* _PROMPT_:
Only an exact repetition is needed: the lines from the start of the listing below through the line that contains "ミディアムのレングスに顔周り", pictures omitted.

* _THE DATA_:
↓↓↓
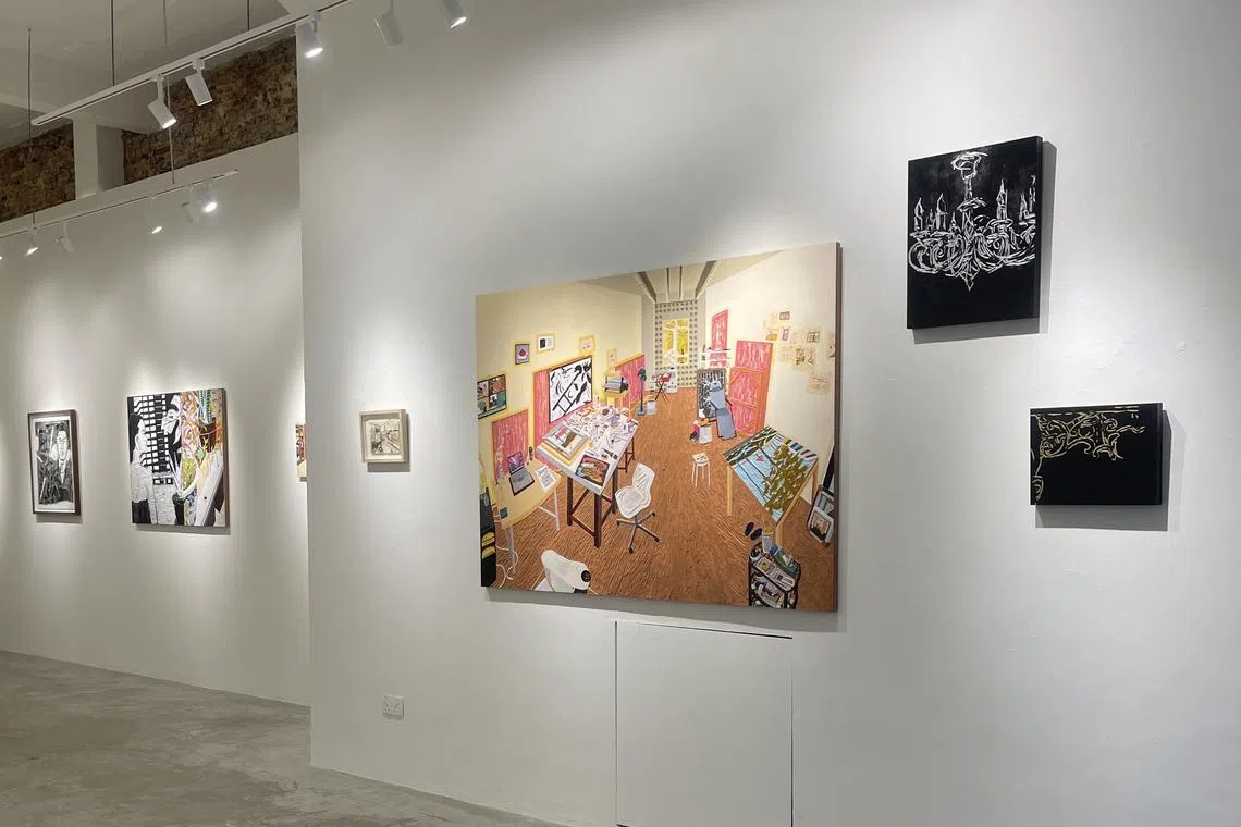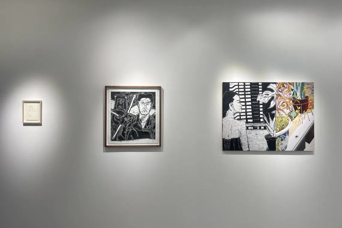 Zhang’s stark black-and-white woodblocks carvings serve as noir counterweights to Lim’s more playful and colourful whimsical perspectives of various rooms.
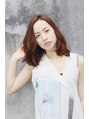 ミディアムのレングスに顔周りを顎下からレイヤーにつなげてシンプルにブラウンベースに深めのアッシュをオン
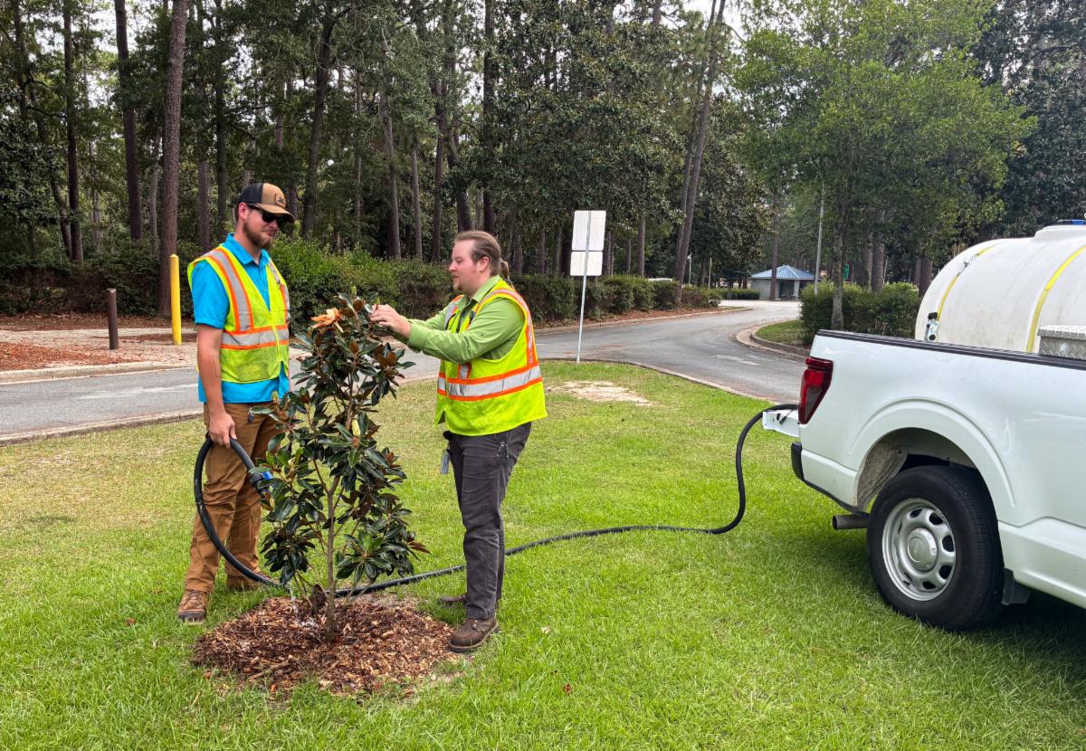 The plantings and the Urban Forestry Department are funded through a Trees Across Georgia (TAG) grant, applied for by the Tifton Tree Board, headed by Dr. George Vellidis. Nicholson and Mahoney water the trees consistently throughout the park and the city.
↑↑↑
* _RESULT FOR THIS EXERCISE_:
 Zhang’s stark black-and-white woodblocks carvings serve as noir counterweights to Lim’s more playful and colourful whimsical perspectives of various rooms.
 ミディアムのレングスに顔周りを顎下からレイヤーにつなげてシンプルにブラウンベースに深めのアッシュをオン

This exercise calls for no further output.